I walked upstairs, washed my hands in the bathroom, and by the time I'd returned to my room Abbie was right back there, flipping the mouse onto the shirt again.
The second time around I think he got the hint. He's currently running up and down the stairs with it. It'll be disposed of soon enough, I pledge that; I just hope he doesn't fling it under the couch in the meantime or anything. NO DEAD MICE UNDER THE COUCH PLS MR CAT THANK YOU. Me, I think I'm heading back to bed for a few more hours.
Go Abbie! I guess the tuft removal increased his hunting efficiency.
FWIW, the couches are both quite light and easy to move (I've done it myself a number of times) should that be necessary.
(I'll also take this moment to once again point out: THREE EMPTY TEQUILA BOTTLES!)
THREE EMPTY TEQUILA BOTTLES!
Now if only the mice would sneak into the empty tequila bottles and die happily in the fumes.

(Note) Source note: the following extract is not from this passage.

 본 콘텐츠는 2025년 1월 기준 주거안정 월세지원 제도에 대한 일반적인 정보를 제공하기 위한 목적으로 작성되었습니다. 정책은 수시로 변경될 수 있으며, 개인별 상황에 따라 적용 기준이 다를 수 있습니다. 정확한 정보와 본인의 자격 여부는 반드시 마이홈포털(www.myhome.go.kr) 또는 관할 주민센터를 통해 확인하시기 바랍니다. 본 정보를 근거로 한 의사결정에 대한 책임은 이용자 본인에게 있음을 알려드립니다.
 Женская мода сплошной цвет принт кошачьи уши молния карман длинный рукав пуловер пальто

Easy disposal!
I think we even drank the fumes. :-)
You all would make great ruggers!
In defence of us all
That first bottle, she was only half full. And, well...you all let me pour the shots from the last one. And there were many shots to be poured. So, yes, okayfine. The last bottle was only good for one round. But I couldn't very well deny tequila love to the room, could I? The answer: clearly no. And we did chip in to make your shot, Jude. It was a beautiful moment of collaboration. Tequila, she brings the people together--the bourgeois and the rebel.
REPEAT: the first bottle was mostly empty. That's my story. I'm sticking to it.

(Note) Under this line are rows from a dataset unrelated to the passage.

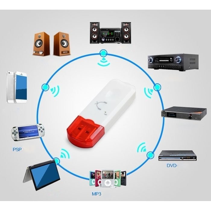 Giới thiệu sản phẩm Bộ thu âm thanh không dây Bluetooth DongleUSB Bluetooth Dongle có khả năng biến thiết bị thường không có bluetooth thành thiết bị có bluetooth, đơn giản lại dễ sử dụng. Ví dụ như bộ loa vi tính của bạn không hỗ trợ bluetooth, khi cắm usb bluetooth này vào, loa vi tính này có thể tiếp nhận các tín hiệu bluetooth từ điện thoại/máy tính bảng. Tường tự bạn có thể áp dụng với các loa nghe nhạc, laptop, loa kéo, dàn âm ly, hoặc ngay cả trên xe hơi.
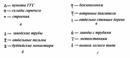 Внемасштабные условные знаки применяются для изображения местных предметов, не выражающихся в масштабе карты (колодцы, отдельно стоящие деревья, дома и т.п.). Эти знаки имеют главную точку, которая совмещается с положением данного объекта на карте (см. рис. 2.5). При определении координат объектов или измерении расстояний между ними необходимо использовать именно главные точки, которые находятся:
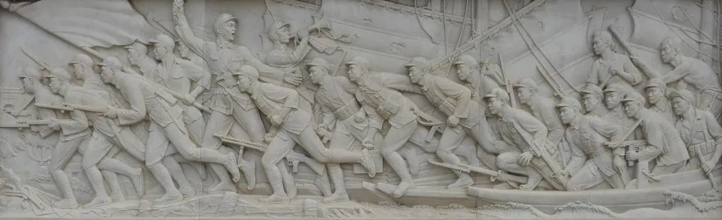 与碑心石开采运输同步进行的是汉白玉开采加工,以及浮雕的设计工作。在人民英雄纪念碑10块汉白玉浮雕的题材选取过程中,遵照选取最能代表人民革命的历史事件,且能集中展现纪念碑主题思想的原则,进行了精挑细选和反复研究。按照历史时间顺序,最终确定了我们今天看到的8个历史题材10幅浮雕,分别为:虎门销烟、金田起义、武昌起义、五四运动、五卅运动、南昌起义、抗日游击战争、胜利渡长江解放全中国,完整生动地反映了从鸦片战争到解放战争中国人民反帝反封建的革命历史。其中,“胜利渡长江解放全中国”主题浮雕,以及两侧主题分别为“支援前线”和“欢迎人民解放军”的装饰性浮雕,位于人民英雄纪念碑正面,突出歌颂中国共产党领导的新民主主义革命取得的伟大胜利。
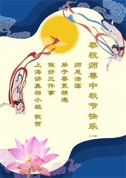 转眼又一年中秋节到了,弟子在此遥祝师父中秋快乐!在这值千金、值万金的珍贵时刻,弟子们一定更加精進,珍惜时间,学法入心,正念更强,讲清真相,兑现来世的誓愿! 上海全体大法弟子恭祝师尊中秋快乐!
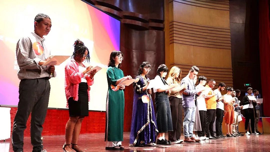 在决赛现场,来自加纳的主持人Precy(阿达)带来两首中英文歌曲暖场,为现场观众献上了音乐盛宴。随后,参与的16位选手,迈入比赛第一环节——自我介绍+即兴评述。选手们以“温州美食”、“温州美景”、“温州亚运”和“我与温州”四个主题展开即兴发言,以独特的视角和真挚的情感,分享了与温州有关的珍贵故事。每一位选手都用流利的汉语和生动的表达,让现场的中外观众近距离感受到了温州的魅力。
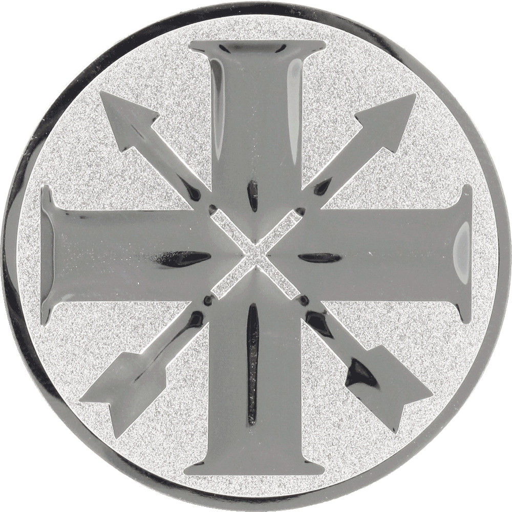 This emblem features a central motif of a stylized cross with broad, rounded arms and arrowheads at the ends, symbolizing precision and skill. The texturized background highlights the polished center, adding depth and dimension to the overall appearance. The smooth and shiny outer edge provides a refined boundary, giving the emblem a polished look that stands out at any award ceremony.

|Date:||November 12th, 2005 06:33 pm (UTC)|| |
Aw. He just wants to pay you back for all the delicious kibble you've given him over the years.
"WHY WON'T YOU EAT IT, MONKEY???"
Gracious. I had no idea Mister Abbie was so, er, ferocious. Or useful.
I guess flinging a dead mouse onto your shirt is better than flinging, say, half a dead mouse onto your shirt. ;)
Some friends have a cat who likes the noise mice make when poked in the appropriate manner. Especially in the hours shortly before dawn.
I always felt that a dead mouse under the couch was far better than a dead hooker. I'm just saying.
OMG, you are a kind-hearted cat owner. I aspire to having the patience some day to tell one of my girls she was a Very Good Cat after she woke me up to throw a dead mouse on my shirt.